• Problem statement
Type the listing below out again exactly. No images.

• The data
•••••

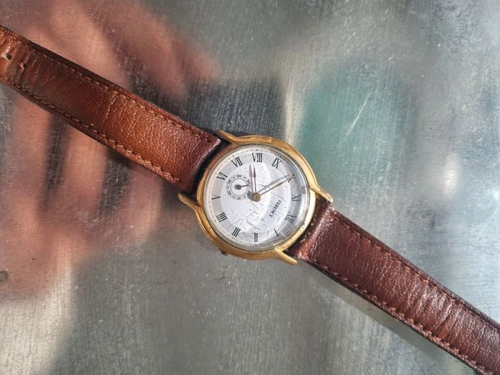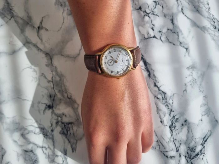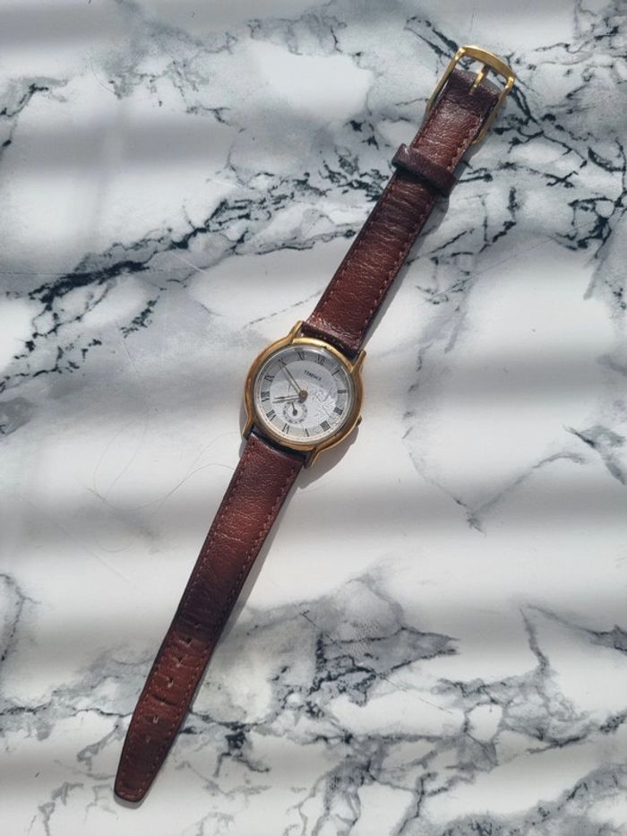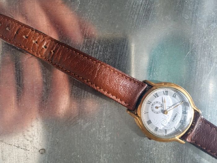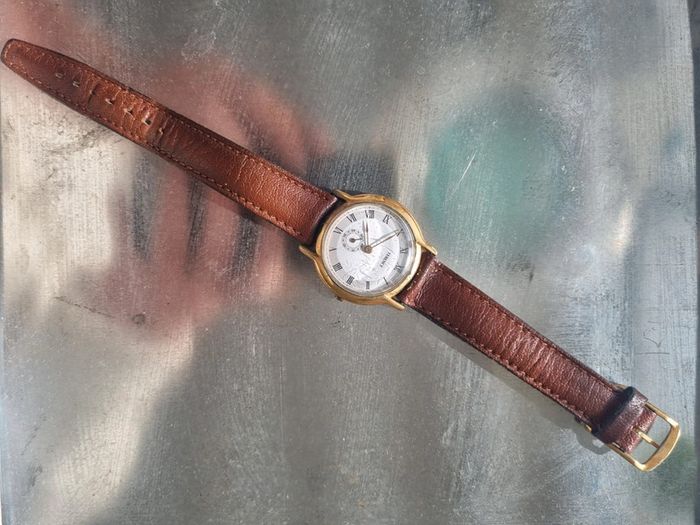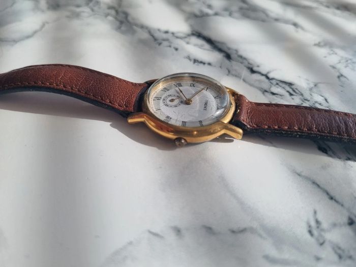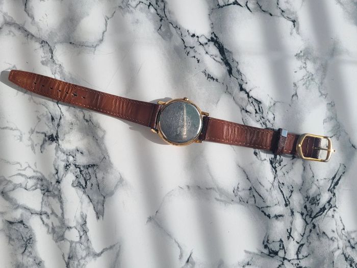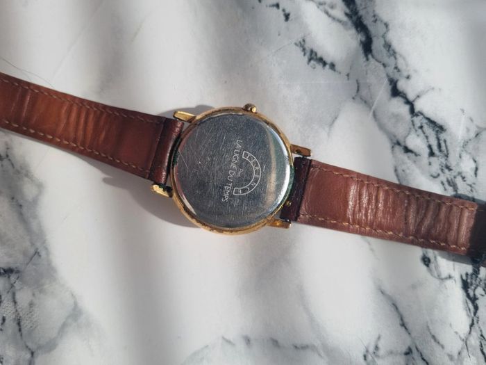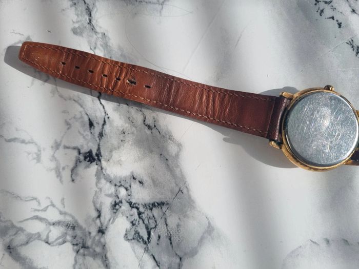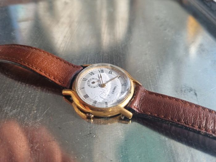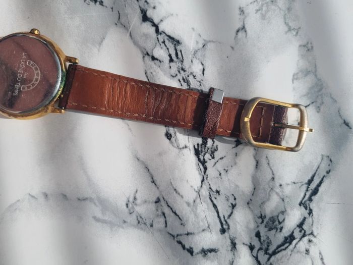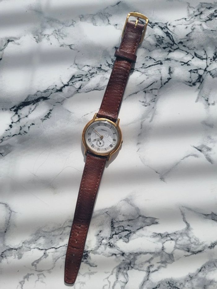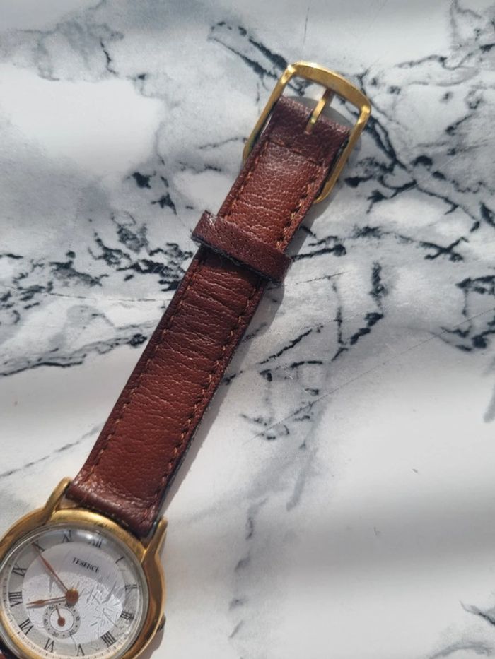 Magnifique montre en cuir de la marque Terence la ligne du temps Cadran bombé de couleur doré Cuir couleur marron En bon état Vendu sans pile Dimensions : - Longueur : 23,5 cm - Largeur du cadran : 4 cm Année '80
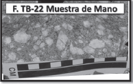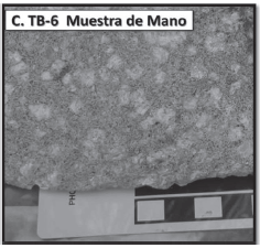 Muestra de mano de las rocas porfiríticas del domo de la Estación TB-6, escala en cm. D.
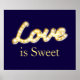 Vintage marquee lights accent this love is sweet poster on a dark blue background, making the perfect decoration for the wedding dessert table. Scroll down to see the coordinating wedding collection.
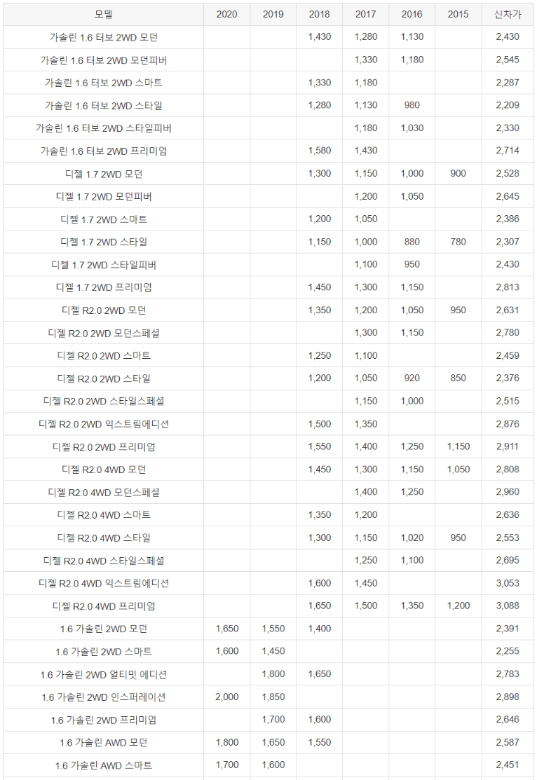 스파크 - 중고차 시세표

•••••

• Expected answer
 Magnifique montre en cuir de la marque Terence la ligne du temps Cadran bombé de couleur doré Cuir couleur marron En bon état Vendu sans pile Dimensions : - Longueur : 23,5 cm - Largeur du cadran : 4 cm Année '80
 Muestra de mano de las rocas porfiríticas del domo de la Estación TB-6, escala en cm. D.
 Vintage marquee lights accent this love is sweet poster on a dark blue background, making the perfect decoration for the wedding dessert table. Scroll down to see the coordinating wedding collection.
 스파크 - 중고차 시세표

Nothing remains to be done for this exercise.